[MATERIAL PROVIDED — start]

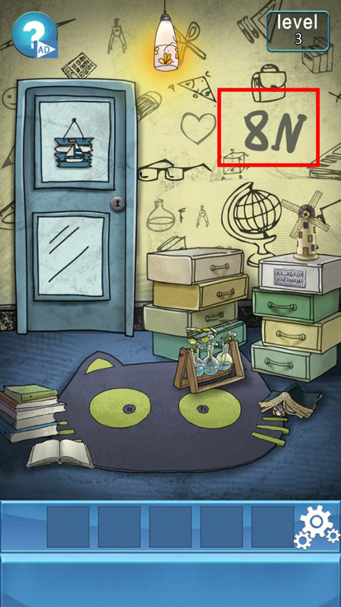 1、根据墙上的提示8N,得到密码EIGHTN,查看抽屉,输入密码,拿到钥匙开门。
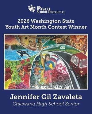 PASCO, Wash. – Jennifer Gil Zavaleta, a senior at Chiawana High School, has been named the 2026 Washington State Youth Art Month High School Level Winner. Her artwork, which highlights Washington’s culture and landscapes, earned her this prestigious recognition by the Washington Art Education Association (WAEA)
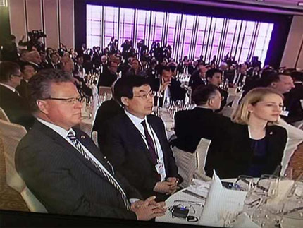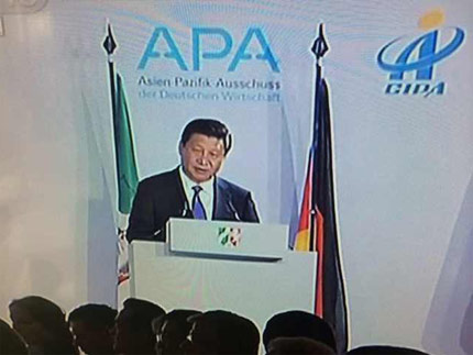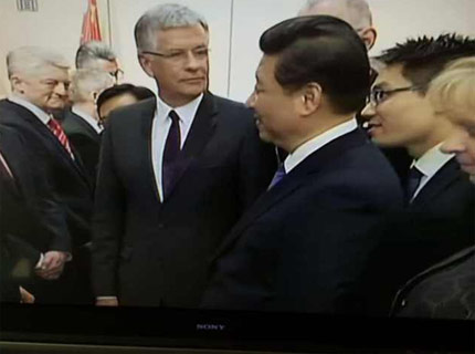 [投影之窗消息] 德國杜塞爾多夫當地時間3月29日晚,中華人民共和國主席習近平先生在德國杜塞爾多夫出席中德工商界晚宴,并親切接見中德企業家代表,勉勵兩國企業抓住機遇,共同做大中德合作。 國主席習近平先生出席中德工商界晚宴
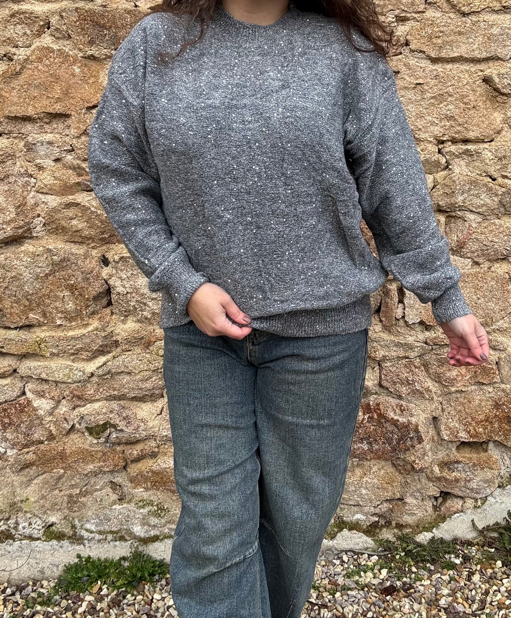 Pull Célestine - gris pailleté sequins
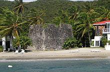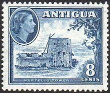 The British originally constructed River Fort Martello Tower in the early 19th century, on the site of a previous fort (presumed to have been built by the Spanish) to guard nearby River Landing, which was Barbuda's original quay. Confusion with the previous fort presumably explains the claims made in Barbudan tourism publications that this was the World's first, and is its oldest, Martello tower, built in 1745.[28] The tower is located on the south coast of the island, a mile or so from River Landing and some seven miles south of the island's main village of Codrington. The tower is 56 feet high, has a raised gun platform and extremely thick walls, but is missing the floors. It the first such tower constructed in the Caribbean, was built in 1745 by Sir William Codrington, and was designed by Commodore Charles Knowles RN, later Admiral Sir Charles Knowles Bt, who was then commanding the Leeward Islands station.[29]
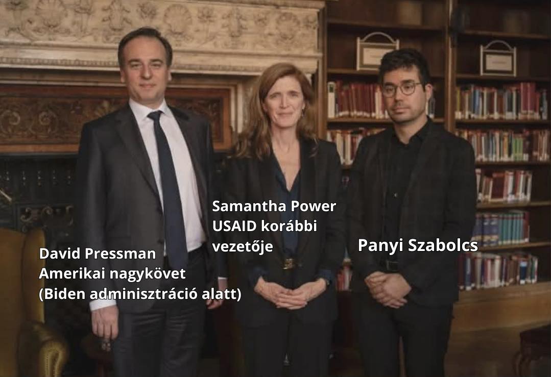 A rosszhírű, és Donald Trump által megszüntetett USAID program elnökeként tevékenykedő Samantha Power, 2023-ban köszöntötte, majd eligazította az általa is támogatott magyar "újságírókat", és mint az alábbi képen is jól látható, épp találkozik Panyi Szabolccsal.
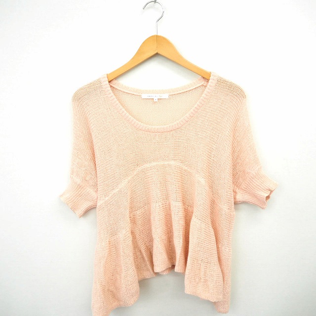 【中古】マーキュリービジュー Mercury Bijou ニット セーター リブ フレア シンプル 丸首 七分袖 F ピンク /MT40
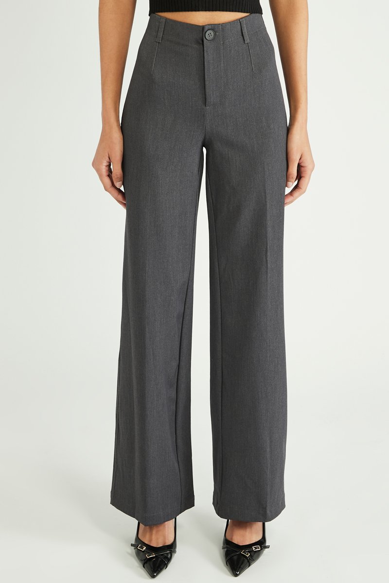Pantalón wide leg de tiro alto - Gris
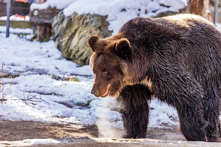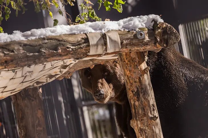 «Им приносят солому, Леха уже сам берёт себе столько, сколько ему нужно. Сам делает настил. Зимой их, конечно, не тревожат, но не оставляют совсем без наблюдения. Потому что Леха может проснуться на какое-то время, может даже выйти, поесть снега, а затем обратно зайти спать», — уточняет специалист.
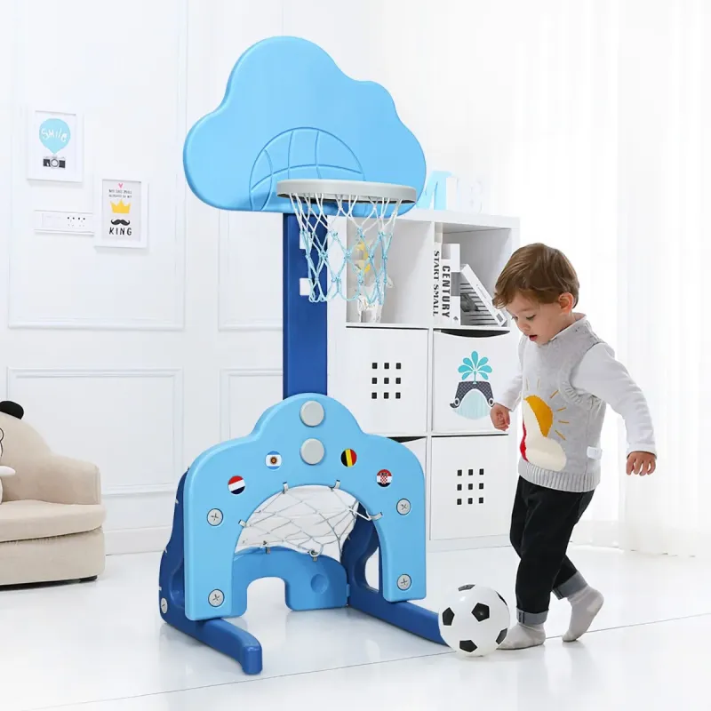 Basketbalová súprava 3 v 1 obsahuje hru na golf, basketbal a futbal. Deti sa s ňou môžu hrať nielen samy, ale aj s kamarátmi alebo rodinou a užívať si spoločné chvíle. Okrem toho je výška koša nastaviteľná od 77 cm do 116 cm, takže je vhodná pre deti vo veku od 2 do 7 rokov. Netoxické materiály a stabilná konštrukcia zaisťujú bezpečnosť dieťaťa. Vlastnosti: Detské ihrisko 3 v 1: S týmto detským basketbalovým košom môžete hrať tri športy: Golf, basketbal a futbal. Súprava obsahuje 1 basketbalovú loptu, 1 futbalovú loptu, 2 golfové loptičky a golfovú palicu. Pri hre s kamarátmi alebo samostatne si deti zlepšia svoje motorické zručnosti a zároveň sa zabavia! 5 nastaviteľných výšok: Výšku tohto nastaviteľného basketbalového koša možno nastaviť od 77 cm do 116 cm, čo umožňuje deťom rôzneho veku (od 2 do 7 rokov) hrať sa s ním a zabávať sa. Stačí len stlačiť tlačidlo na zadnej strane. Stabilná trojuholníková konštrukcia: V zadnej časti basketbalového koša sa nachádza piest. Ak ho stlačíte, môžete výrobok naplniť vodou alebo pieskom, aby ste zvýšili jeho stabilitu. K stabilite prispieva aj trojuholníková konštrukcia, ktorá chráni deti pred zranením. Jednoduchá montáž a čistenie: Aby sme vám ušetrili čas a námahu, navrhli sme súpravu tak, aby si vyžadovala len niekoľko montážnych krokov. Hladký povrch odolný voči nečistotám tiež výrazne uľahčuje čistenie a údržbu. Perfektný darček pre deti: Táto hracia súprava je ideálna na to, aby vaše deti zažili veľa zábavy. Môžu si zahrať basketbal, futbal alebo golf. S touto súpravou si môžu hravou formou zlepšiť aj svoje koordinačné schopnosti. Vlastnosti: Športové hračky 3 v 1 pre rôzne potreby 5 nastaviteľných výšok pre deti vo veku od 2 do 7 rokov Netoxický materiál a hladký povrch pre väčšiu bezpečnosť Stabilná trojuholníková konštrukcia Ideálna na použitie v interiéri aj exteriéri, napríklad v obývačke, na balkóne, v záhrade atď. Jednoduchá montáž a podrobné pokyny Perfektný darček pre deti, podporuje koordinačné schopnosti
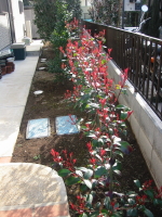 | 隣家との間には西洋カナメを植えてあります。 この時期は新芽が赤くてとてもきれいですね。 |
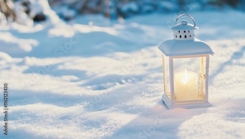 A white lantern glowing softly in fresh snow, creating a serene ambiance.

[MATERIAL PROVIDED — finish]

*EXERCISE GOAL*: With the pictures omitted, print the lines above exactly, beginning at the line with "A rosszhírű, és" and going on through the line with "приносят солому, Леха".

*EXPECTED ANSWER*:
 A rosszhírű, és Donald Trump által megszüntetett USAID program elnökeként tevékenykedő Samantha Power, 2023-ban köszöntötte, majd eligazította az általa is támogatott magyar "újságírókat", és mint az alábbi képen is jól látható, épp találkozik Panyi Szabolccsal.
 【中古】マーキュリービジュー Mercury Bijou ニット セーター リブ フレア シンプル 丸首 七分袖 F ピンク /MT40
Pantalón wide leg de tiro alto - Gris
 «Им приносят солому, Леха уже сам берёт себе столько, сколько ему нужно. Сам делает настил. Зимой их, конечно, не тревожат, но не оставляют совсем без наблюдения. Потому что Леха может проснуться на какое-то время, может даже выйти, поесть снега, а затем обратно зайти спать», — уточняет специалист.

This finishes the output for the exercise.